(Exercise): Pictures excluded, output the lines of the data below between the one holding "L'application est actuellement" and the one holding "比如士林润园对入口方向的调整", inclusive, exactly as they stand.

(Material shown):
*** Block opens ***
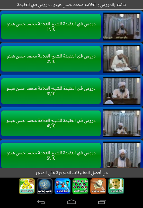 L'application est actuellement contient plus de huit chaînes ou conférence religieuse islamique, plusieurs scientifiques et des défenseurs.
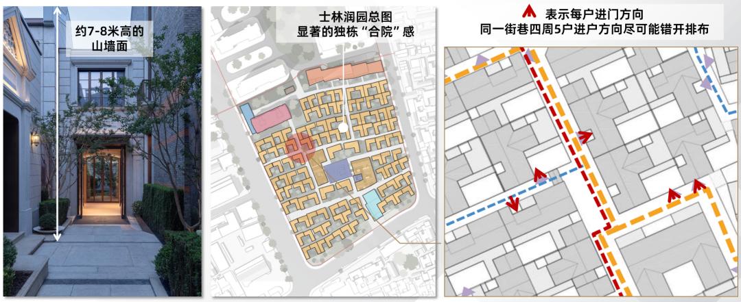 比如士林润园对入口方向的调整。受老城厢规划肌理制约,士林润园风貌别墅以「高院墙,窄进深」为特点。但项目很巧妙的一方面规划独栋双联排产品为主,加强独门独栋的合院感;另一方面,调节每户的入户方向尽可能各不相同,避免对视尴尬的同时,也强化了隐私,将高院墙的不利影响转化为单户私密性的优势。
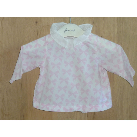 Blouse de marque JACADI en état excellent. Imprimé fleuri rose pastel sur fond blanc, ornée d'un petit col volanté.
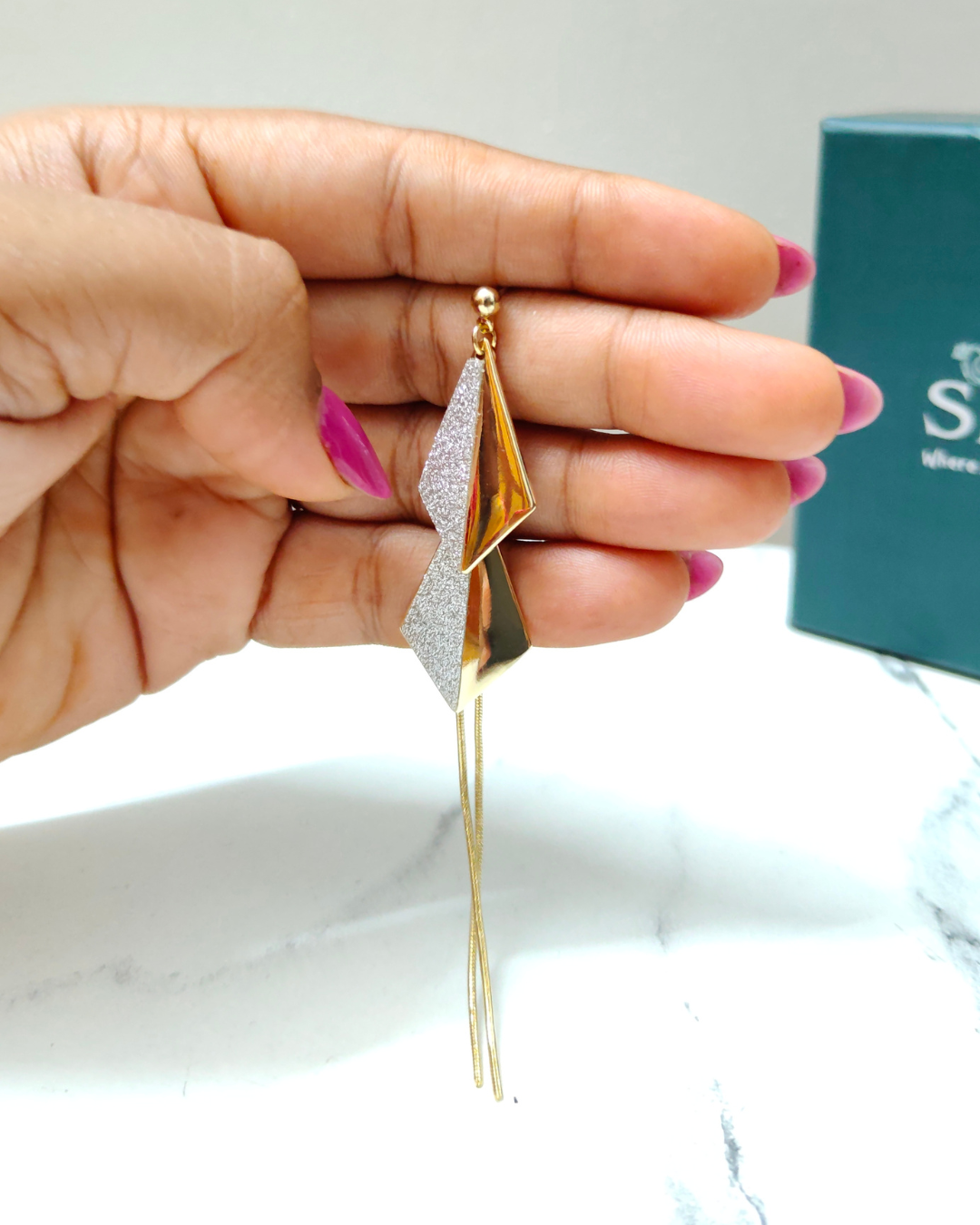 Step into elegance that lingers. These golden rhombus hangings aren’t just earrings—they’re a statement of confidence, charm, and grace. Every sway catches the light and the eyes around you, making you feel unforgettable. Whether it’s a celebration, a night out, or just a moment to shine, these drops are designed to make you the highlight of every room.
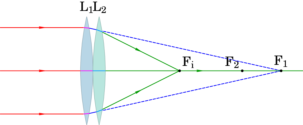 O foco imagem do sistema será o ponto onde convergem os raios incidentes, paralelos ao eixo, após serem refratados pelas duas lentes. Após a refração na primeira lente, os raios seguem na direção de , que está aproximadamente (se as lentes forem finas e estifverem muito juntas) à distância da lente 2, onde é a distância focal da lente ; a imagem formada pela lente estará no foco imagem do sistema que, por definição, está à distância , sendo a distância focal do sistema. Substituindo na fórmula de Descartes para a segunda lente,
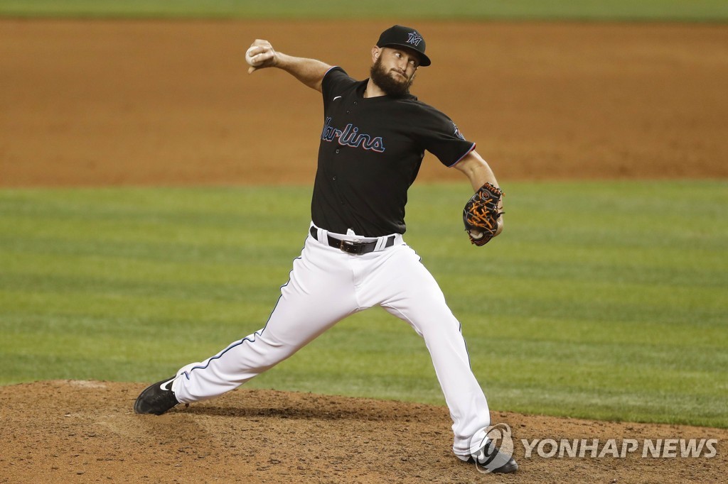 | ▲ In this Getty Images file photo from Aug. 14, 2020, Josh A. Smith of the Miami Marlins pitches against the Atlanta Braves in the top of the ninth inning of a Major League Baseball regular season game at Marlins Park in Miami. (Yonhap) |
*** Block closes ***
*** Block opens ***
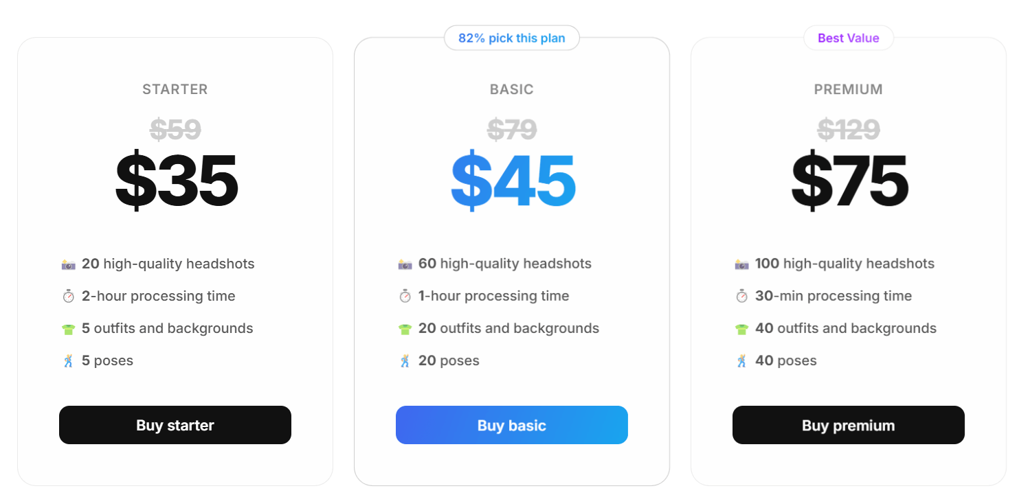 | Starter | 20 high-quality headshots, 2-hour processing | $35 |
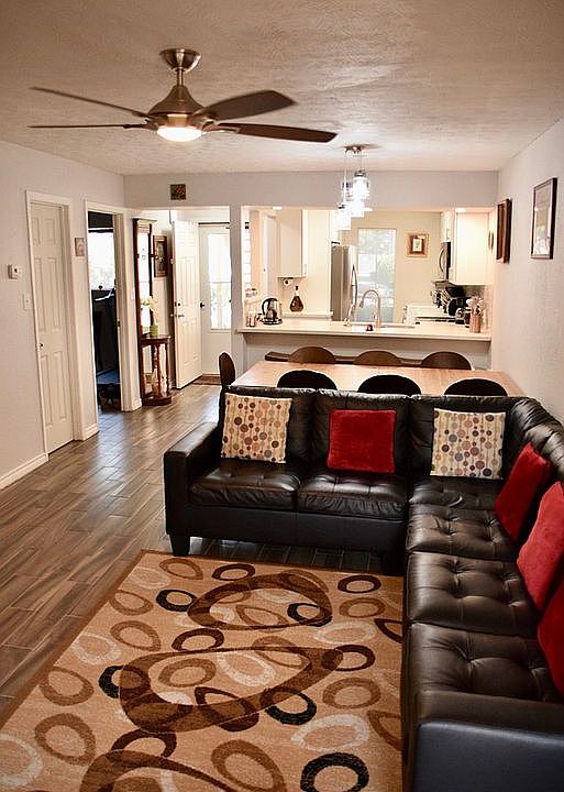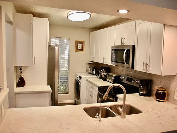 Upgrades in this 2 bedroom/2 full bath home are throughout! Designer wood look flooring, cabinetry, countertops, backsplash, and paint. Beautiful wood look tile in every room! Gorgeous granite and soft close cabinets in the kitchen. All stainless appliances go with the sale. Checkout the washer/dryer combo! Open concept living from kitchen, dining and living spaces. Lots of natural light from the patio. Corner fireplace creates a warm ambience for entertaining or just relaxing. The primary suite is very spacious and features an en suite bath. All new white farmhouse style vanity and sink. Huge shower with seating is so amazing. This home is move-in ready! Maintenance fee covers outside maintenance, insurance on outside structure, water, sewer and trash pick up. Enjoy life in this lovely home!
*** Block closes ***
*** Block opens ***
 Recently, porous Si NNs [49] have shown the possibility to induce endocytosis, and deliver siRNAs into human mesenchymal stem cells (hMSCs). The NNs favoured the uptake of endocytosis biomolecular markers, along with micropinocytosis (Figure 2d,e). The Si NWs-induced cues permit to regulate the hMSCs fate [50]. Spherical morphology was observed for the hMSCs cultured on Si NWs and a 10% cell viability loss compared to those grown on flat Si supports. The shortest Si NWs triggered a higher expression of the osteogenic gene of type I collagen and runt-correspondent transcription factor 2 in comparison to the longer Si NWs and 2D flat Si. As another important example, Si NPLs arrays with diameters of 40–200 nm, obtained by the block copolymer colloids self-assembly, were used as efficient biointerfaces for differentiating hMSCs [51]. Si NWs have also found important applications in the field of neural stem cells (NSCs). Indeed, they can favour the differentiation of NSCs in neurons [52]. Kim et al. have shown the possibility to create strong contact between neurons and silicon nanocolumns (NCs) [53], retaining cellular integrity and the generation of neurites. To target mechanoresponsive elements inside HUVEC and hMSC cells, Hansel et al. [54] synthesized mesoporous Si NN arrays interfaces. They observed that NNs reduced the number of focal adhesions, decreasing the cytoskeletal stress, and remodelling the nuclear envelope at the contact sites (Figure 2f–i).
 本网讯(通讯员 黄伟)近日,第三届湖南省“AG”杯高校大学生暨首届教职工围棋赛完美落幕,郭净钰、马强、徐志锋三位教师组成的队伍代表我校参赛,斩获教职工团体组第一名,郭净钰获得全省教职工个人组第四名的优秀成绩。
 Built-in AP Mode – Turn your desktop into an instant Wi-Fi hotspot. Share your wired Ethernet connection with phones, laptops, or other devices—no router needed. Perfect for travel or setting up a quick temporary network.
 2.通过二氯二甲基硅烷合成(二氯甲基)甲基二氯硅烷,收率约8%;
*** Block closes ***
(Solution for this task):
 L'application est actuellement contient plus de huit chaînes ou conférence religieuse islamique, plusieurs scientifiques et des défenseurs.
 比如士林润园对入口方向的调整。受老城厢规划肌理制约,士林润园风貌别墅以「高院墙,窄进深」为特点。但项目很巧妙的一方面规划独栋双联排产品为主,加强独门独栋的合院感;另一方面,调节每户的入户方向尽可能各不相同,避免对视尴尬的同时,也强化了隐私,将高院墙的不利影响转化为单户私密性的优势。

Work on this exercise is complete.